Waarom is dit zo geregeld? Helaas is het antwoord hierop is vrij simpel. Je kan geld verdienen met flexibele medewerkers. “Een loonkostenstijging van 15%-20%” betekent feitelijk dat de arbeidsvoorwaarden van flexibele medewerkers met datzelfde percentage nu slechter zijn. Denk aan: bonussen, dertiende maanden, winstuitkering, ontwikkelingsbudget, doorbetaling bij ziekte, eenmalige uitkeringen, pensioenvoorwaarden etc.
Twee winnaars, één verliezer
Zo’n alternatieve cao zoals de ABU, is een wettelijk goedgekeurde manier om sommige medewerkers toch minder te betalen. Ook krijgen zij minder kansen (perspectief) geboden. Dit terwijl zij binnen hetzelfde bedrijf werken, dezelfde taak verrichten, en dezelfde verantwoordelijkheden hebben. Toch moeten we dingen niet ingewikkelder maken dan ze zijn. Werkgevers willen goedkope arbeid, uitzenders kunnen door zo’n wettelijke constructie goedkopere arbeid leveren. Een winst/winst situatie voor de werkgevers. Maar feitelijk is het een driehoeksrelatie, waarbij de verliezen voor de rekening van de werkenden komen (winst/winst/verliessituatie).
(Gele) Vakbonden*
Een ander vreemd aspect is dat één vakbondsorganisatie (van de vier) een cao-akkoord kan bereiken. Zij vertegenwoordigen natuurlijk maar een klein deel van de achterban. De VPRO heeft eerder aandacht besteed aan de dubieuze manier waarop sommige cao’s tot stand komen. (bron) Zij schijnen ook een licht op zogenoemde ‘gele vakbonden’ (vakbonden door werkgevers mee gefinancierd en gecontroleerd) (bron). Minister Koolmees heeft op 20 april 2020 een interessant standpunt ingenomen over het in zee gaan met kleine vakbonden.
“Het is niet aan mij om een waardeoordeel te geven over specifieke cao-onderhandelingen en de manier waarop partijen het proces daarbij hebben vormgegeven.” (bron)
Uiteraard, dit is wat wettelijk mogelijk gemaakt is, een mening vormen hierover is als politicus professioneel gezien ‘niet handig’. Maar wanneer de wet gebruikt wordt om opzettelijk en structureel mensen te benadelen – enkel voor financieel gewin – mag daar best wat van gevonden worden.
Ons standpunt
De SER (Sociaaleconomische Raad – de belangrijkste adviesraad voor regering en parlement over sociaaleconomische vraagstukken) heeft recentelijk een adviesontwerp voor het nieuwe kabinet gepubliceerd die bepaalde problematiek binnen de uitzend-keten moet oplossen. (bron)

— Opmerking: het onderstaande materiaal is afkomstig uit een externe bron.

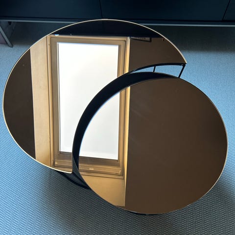 Indskudsborde i sort stål med farvet glas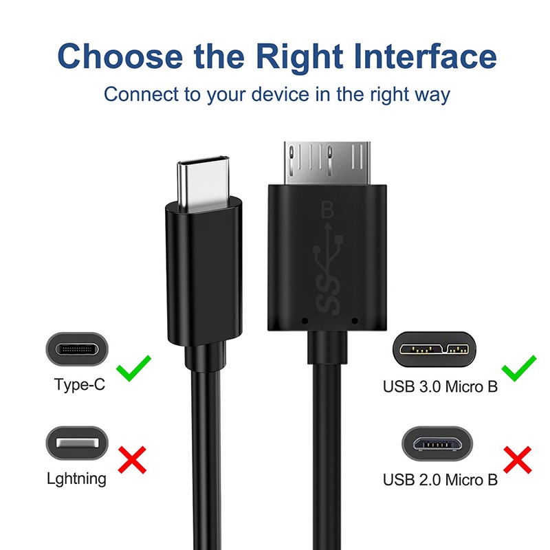 คลังสินค้าพร้อมUSB 3.1 Type C ถึง USB 3.0 Micro B Cable Connector Data Cable for Hard Drive สมาร์ทโฟน 5GBPS Sync Data Transfer Cord

De Politieke Partij voor Basisinkomen stelt dat een onderscheid maken tussen vast- en flex-personeel ingaat tegen het principe van gelijke behandeling. Het is in strijd is met de basisrichtlijnen van verschillende duurzame doelen:
- SDG 1: Geen armoede
- SDG 2: Geen Honger
- SDG 3: Goede gezondheid en welzijn
- SDG 8: Eerlijk werk en economische groei
- SDG 10: Ongelijkheid verminderen.
Het adviesvoorstel van de SER is een stap in de goede richting. Want flexibiliteit, betekent niet dat dit samen hoort te gaan met uitbuiting. Een leefbaar basisinkomen zal in deze situatie minstens 4 van de 5 SDG’s uit het rijtje volledig kunnen verwijderen. En tevens een behoorlijke positieve bijdrage leveren aan ‘SDG3’ op het vlak van mentale gezondheid.
Voorgestelde richtlijnen voor bedrijven
- Geen onderscheid in arbeidsvoorwaarden of kansen tussen vaste en flexibele werknemers.
- Focus op duurzame, langdurige en deugdelijke relaties tussen werknemer en werkgever.
- Maximaliseer winsten door processen efficiënter te maken en te vernieuwen.
- Beschouw elke werknemer als een gelijke aandeelhouder en niet als een ‘inwisselbaar poppetje’.
* Disclaimer: Uit ons eigen onderzoek kunnen wij niet stellen dat één van de genoemde vakbonden in dit artikel een ‘gele vakbond’ is. Financiële cijfers zijn niet inzichtelijk.